### EXERCISE PROMPT:
Copy, please, the line with "期货各周期的历史数据都是通过金字塔中数据补充来补充的,路径为 工具 》" and each line that follows it through the end of the data below, exactly as given and without pictures.

### RAW DATA:
---------------

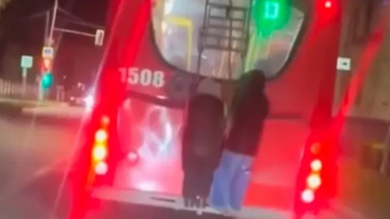 На кадрах, которые быстро разлетелись по интернету, двое детей выбрали опасный способ передвижения, зацепившись за лестницу кузова троллейбуса.
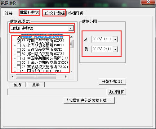 期货各周期的历史数据都是通过金字塔中数据补充来补充的,路径为 工具 》 数据补充 》 批量数据补充 或自定义数据补充;
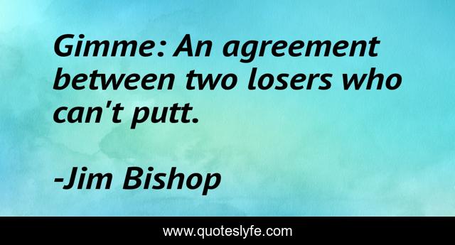 This page presents the quote "Gimme: An agreement between two losers who can't putt.". Author of this quote is Jim Bishop. .
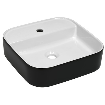 De Plieger Wastafel Fresno Opbouw Mat Zwart met Kraangat 42x42x11.5 cm is een veelgevraagde opbouwwastafel. Modern, mooi vormgegeven met een voorgemonteerd kraangat. Deze Plieger Fresno opbouw wastafel is leverbaar in drie populaire kleuren wit glans, wit mat en zwart mat. De afmeting is 42x42x11,55 cm.

---------------

### ANSWER AREA:
 期货各周期的历史数据都是通过金字塔中数据补充来补充的,路径为 工具 》 数据补充 》 批量数据补充 或自定义数据补充;
 This page presents the quote "Gimme: An agreement between two losers who can't putt.". Author of this quote is Jim Bishop. .
 De Plieger Wastafel Fresno Opbouw Mat Zwart met Kraangat 42x42x11.5 cm is een veelgevraagde opbouwwastafel. Modern, mooi vormgegeven met een voorgemonteerd kraangat. Deze Plieger Fresno opbouw wastafel is leverbaar in drie populaire kleuren wit glans, wit mat en zwart mat. De afmeting is 42x42x11,55 cm.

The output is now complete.